Mazmur 2:7 termasuk dalam Mazmur Raja, yang formulasinya selalu digunakan oleh
umat Israel ketika mereka meneguhkan seorang raja, karena raja diyakini sebagai
orang yang dikenan Allah untuk melaksanakan pemerintahan atas nama Allah. Pada
saat peneguhan seorang raja, Imam Besar akan mengucapkan, “Anak-Ku engkau!
Engkau telah Kuperanakkan pada hari ini.” Kini rumusan tersebut dikenakan
kepada Yesus, dan ditambahkan dengan kutipan Yesaya 42:1, “Kepada-Nya Aku
berkenan.” Kejadian luar biasa yang lain dalam peristiwa pembaptisan Yesus
adalah turunnya Roh Kudus. Hal ini menggenapi apa yang diutarakan dalam ayat
tersebut selanjutnya, “Aku telah menaruh Roh-Ku ke atasnya.” Hal ini
mencerminkan keyakinan penginjil bahwa Yesus telah diurapi dan dilantik sebagai
Raja Mesias dan hamba TUHAN (bdk. Luk. 4:18, yang mengutip Yes. 61:1).[46]
2) Setelah melewati pencobaan di padang gurun, Yesus mengawali pelayanan-Nya
di Galilea dengan suatu proklamasi, “Waktunya sudah genap, Kerajaan Allah sudah
dekat, bertobatlah dan percayalah kepada Injil” (Mk. 1:15). Kairos (‘waktu’ atau ‘saat’) merupakan
konsep teologis yang akrab bagi umat Yahudi, yaitu sebagai datangnya zaman
rahmat, yang di dalamnya Allah menampakkan kemuliaan-Nya, sekaligus merupakan
zaman pembebasan dan pemulihan kejayaan Israel. Waktu atau saat yang mereka
tunggu itu, kini telah dekat (di dalam Kristus). Kata Yunani enggizō yang diterjemahkan mendekat dapat berarti mendekat secara
waktuwi, atau mendekat secara spasial (dalam arti tempat). Secara waktuwi,
Yesus memproklamasikan bahwa Kerajaan Allah sudah hampir tiba, yaitu melalui
seluruh pelayanan-Nya yang berpuncak pada kematian-Nya di kayu salib. Itulah
sebabnya penulis Injil Markus menamai seluruh karangannya sebagai ‘Injil.’

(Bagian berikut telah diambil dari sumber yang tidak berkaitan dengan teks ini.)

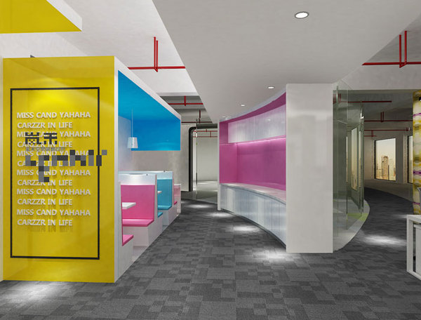 前臺區(qū)域的設(shè)計,設(shè)計師將空間的主色調(diào)以白、黃、灰來展現(xiàn),色彩在設(shè)計師的手法之下,被重新打亂與重新組合,空間因為色彩的加入也被設(shè)計師定位成各種屬性,色彩與空間搭配得天衣無縫、滴水不漏。
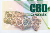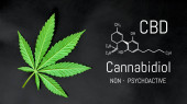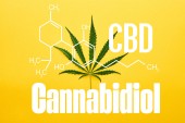 widok z góry zielony liść marihuany na zielonym tle z białym cbd ilustracji
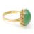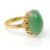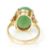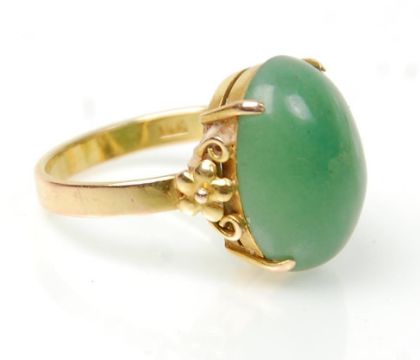 A stamped 14ct gold ring set with a round domed green jade cabochon with decorative floral design shoulders. Weight 4.8g.
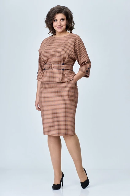 Элегантный женский костюм состоит из блузона и юбки.Костюм выполнен из комфортной костюмно-плательной ткани, с принтом в клетку.Блузон полуприлегающего силуэта с цельновыкроенным рукавом, по переду на уровне талии заложены складки, горловина круглая. Спинка с центральным швом. В комплект входит пояс с пряжкой.Юбка заужена к низу, по переду боковые карманы с подкройным бочком. Спинка с центральным швом и застежкой на тесьму «молния», по низу юбки разрез. Верх на поясе с резинкой. Длина блузона по спинке – 53/55 см. Длина рукава от горловины – 53 см. Длина юбки – 62/64 см.
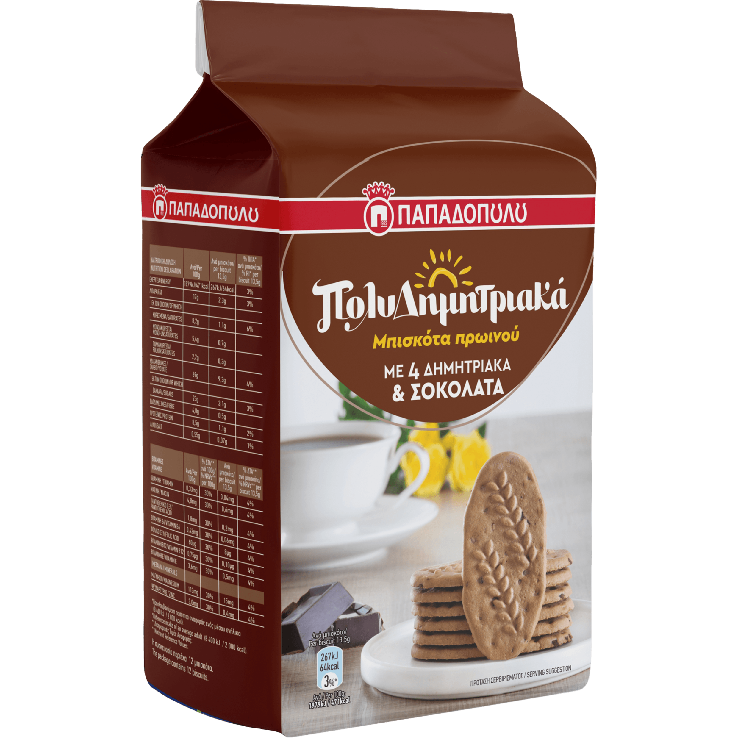Τέσσερα δημητριακά: σιτάρι ολικής άλεσης, σίκαλη, βρώμη και κριθάρι, ενώθηκαν με πλούσια φρούτα, απολαυστική σοκολάτα και μυρωδάτο κακάο, θρεπτικό γάλα και απαραίτητο ασβέστιο, για να δημιουργήσουν ένα μπισκότο που κλείνει μέσα του όλη τη θρεπτική αξία των δημητριακών, φυτικές ίνες, βιταμίνες και ιχνοστοιχεία.
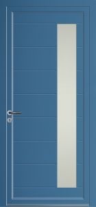 Modèle Dannes Porte d'entrée Design ALU - Sablage uni Prendre RDV Devis Découvrez les possibilité de personnalisation Bleu 5007 Blanc 9016
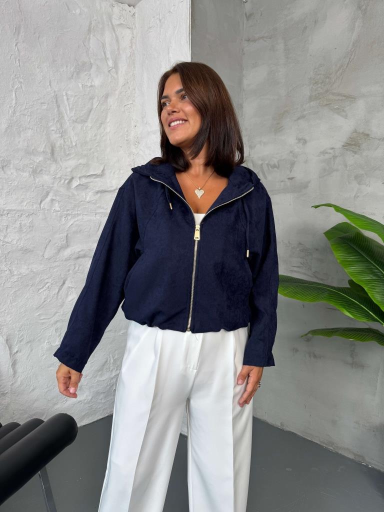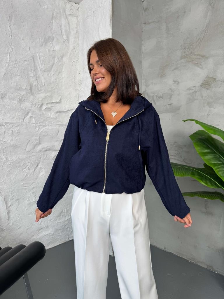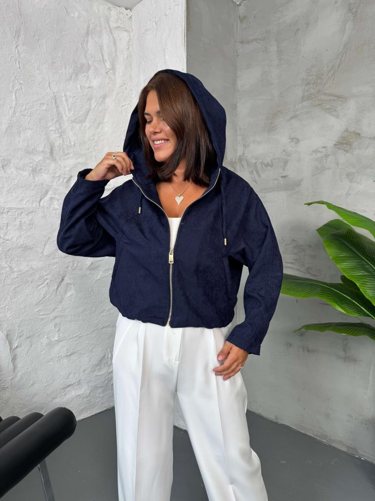Lacivert Zr Model Kapşonlu Süet Ceket (580542-Lacivert)
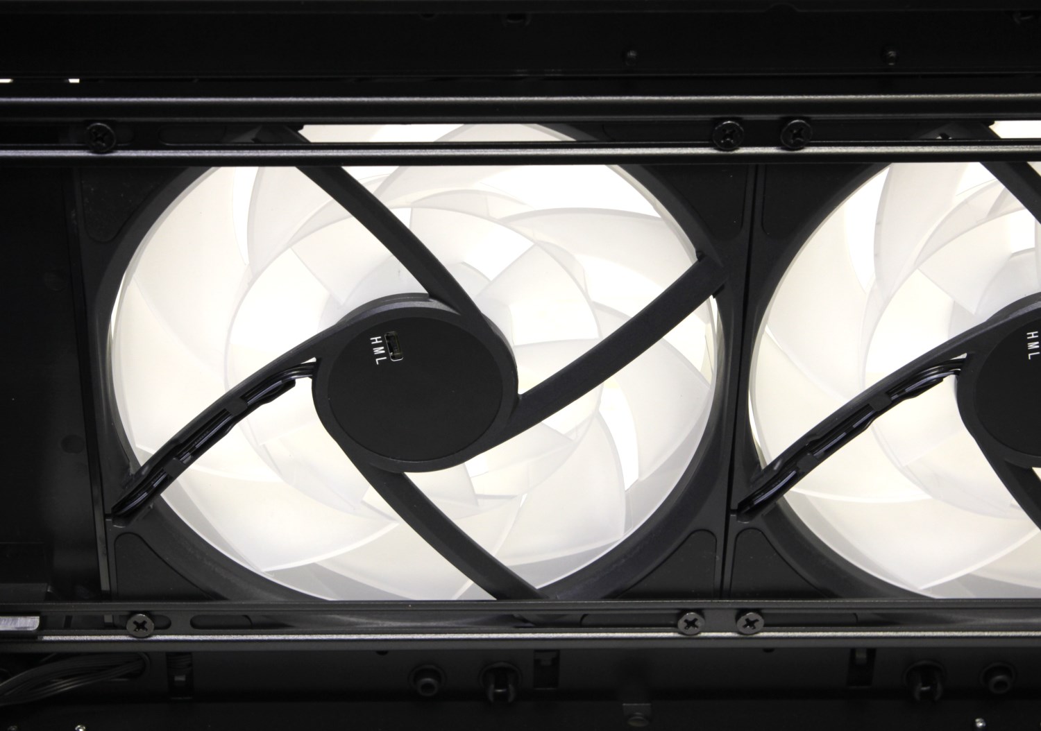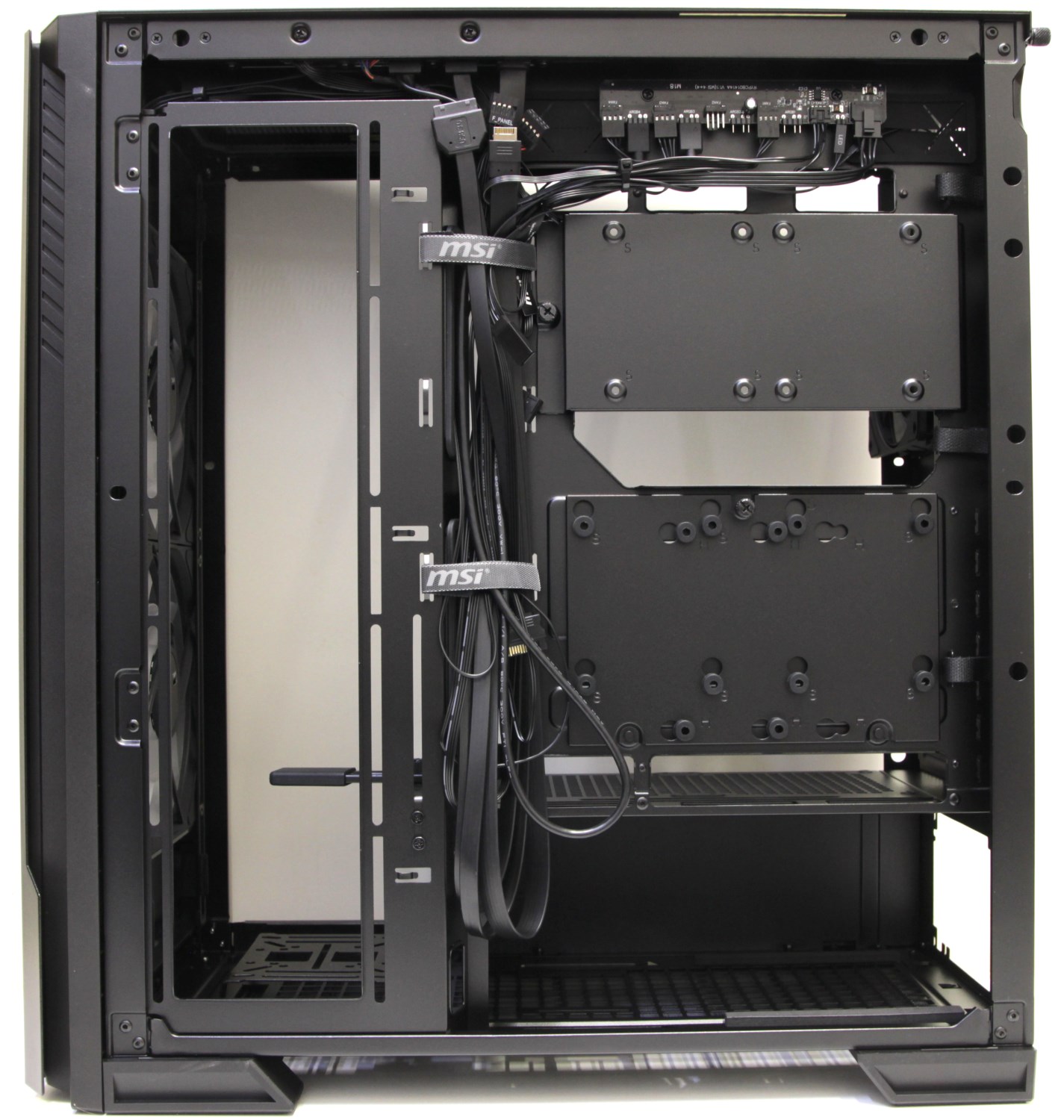 Все три вентилятора изначально подключены к специальному хабу, который скрывается за правой стенкой и размещается в верхней части, недалеко от разъёмов и кнопок.
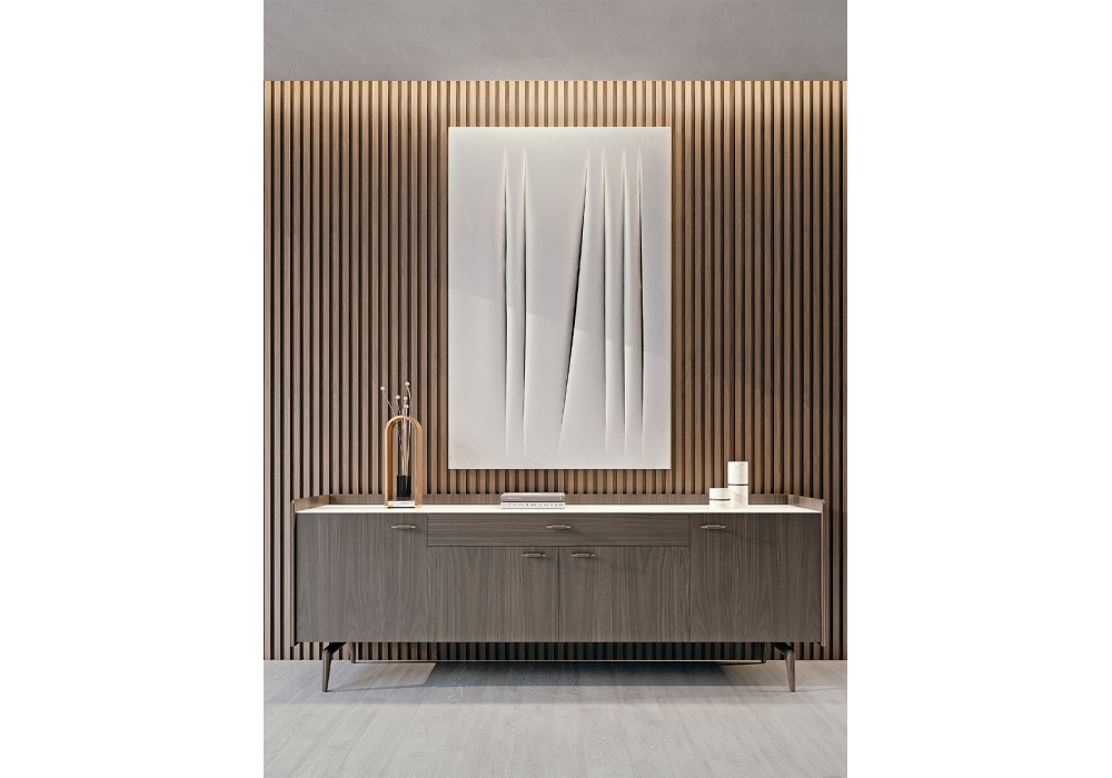 Blues von Giuseppe Viganò für Turri entworfen, ist ein Sideboard mit Struktur aus furniertem Nussbaum und Beinen aus massivem Nussbaum. Die Fronten können in Nussbaum furniertem Holz, mit Leder bezogen oder glänzend lackiert sein. Platte aus Marmor, Leder oder Nussbaumfurnier.
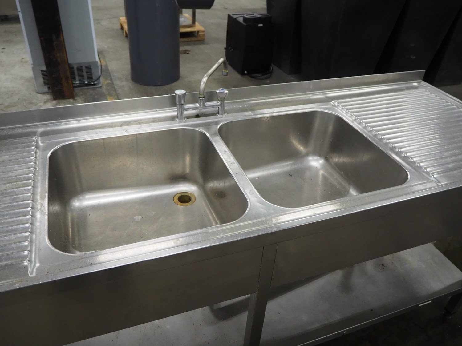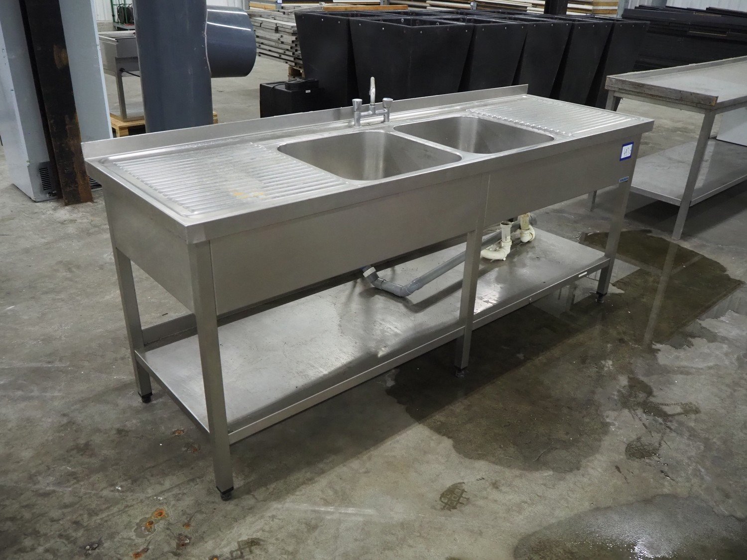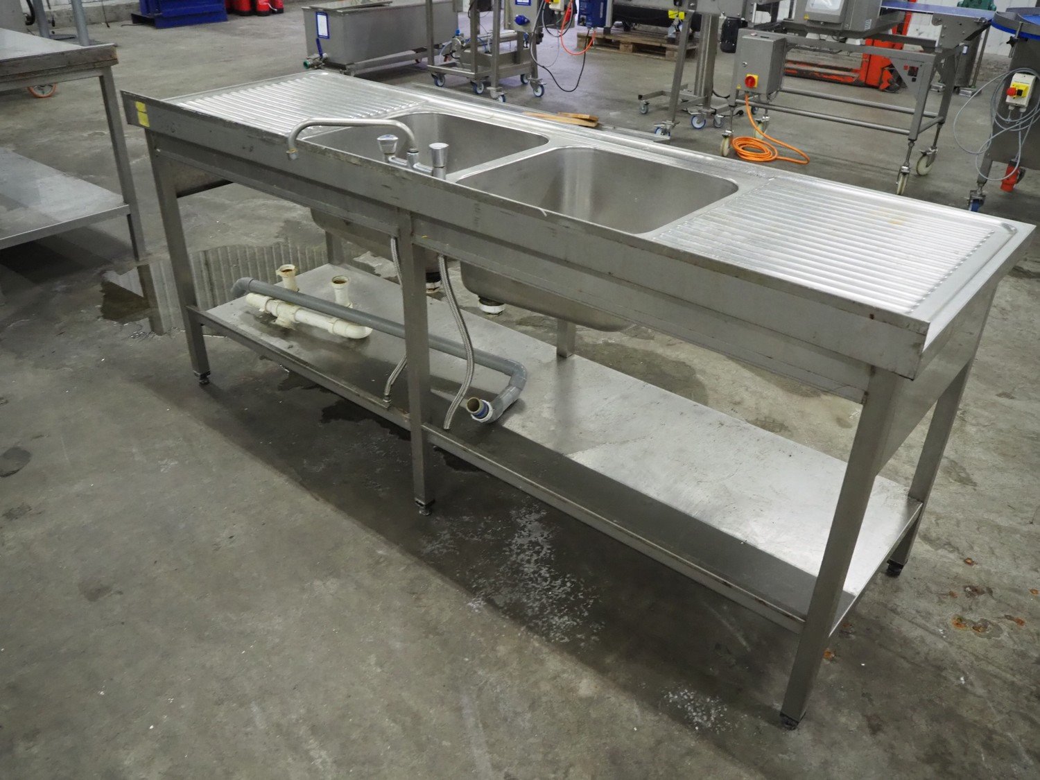 S/s double sink, dimensions: 2200 mm x 700 mm x 910 mm.
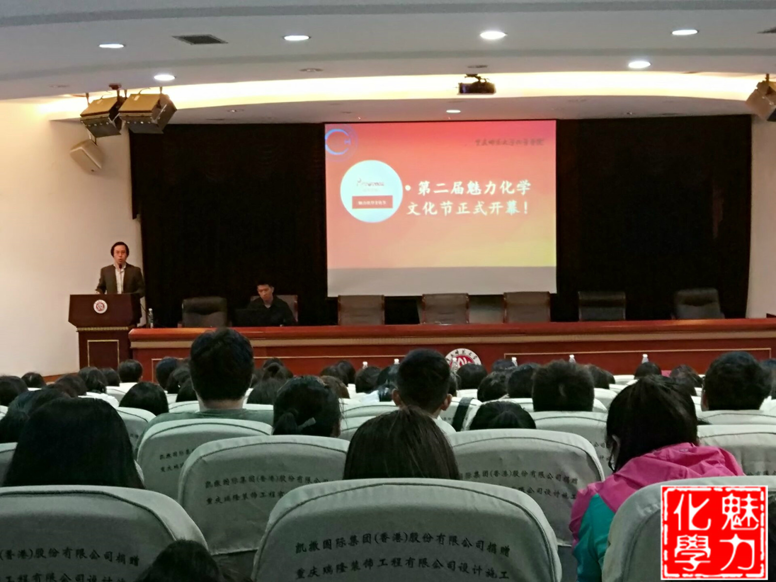 为培养咪咪爱 学生学习化学的兴趣,营造良好的学习氛围,鼓励学生创新,激发科研热情,学院特决定于2017年4月20日起至5月末举行咪咪爱 第二届魅力化学文化节活动,文化节系列活动将结合专业知识展开。4月20日中午,咪咪爱 鸿德楼15305凯撒报告厅灯光闪烁,热闹非凡。

Sedangkan secara spasial, proklamasi Yesus itu menyatakan bahwa Kerajaan Allah
sudah menjadi realitas, sudah dan sedang hadir di tengah-tengah kehidupan
manusia, sudah dan sedang mewujudnyatakan keberadaannya di tengah-tengah
sejarah, melalui kehadiran Yesus dengan seluruh pelayanan-Nya. Proklamasi Yesus
tentang kehadiran Kerajaan Allah adalah untuk “menyampaikan kabar baik kepada
orang-orang miskin, memberitakan pembebasan kepada orang-orang tawanan, memberi
penglihatan kepada orang-orang buta, membebaskan orang-orang yang tertindas,
dan memberitakan tahun rahmat Tuhan” (Luk. 4:18-19). Awal pekerjaan Yesus di
Galilea sekaligus merupakan maklumat peperangan melawan kuasa Iblis. Karena
itu, setiap orang kini terpanggil untuk mengambil keputusan: berpihak kepada
Kristus, atau berpihak kepada Iblis (bdk. Luk. 11:14-22). Seruan untuk bertobat
merupakan panggilan untuk berbalik arah dan berpihak kepada Allah, yang telah
berkarya di dalam dan melalui diri Yesus. Hal ini merupakan kabar baik yang
harus diterima dengan iman.
3) Di Kaesaria Filipi, sesudah Yesus memberi makan 5000 orang, orang banyak
ingin menjadikan Dia raja. Tetapi Yesus mengundurkan diri dari mereka. Kemudian
Ia bertanya kepada murid-murid-Nya, “Menurut kamu, siapakah Aku ini?” Petrus menjawab, “Mesias dari Allah” (Mk. 8:29; Luk.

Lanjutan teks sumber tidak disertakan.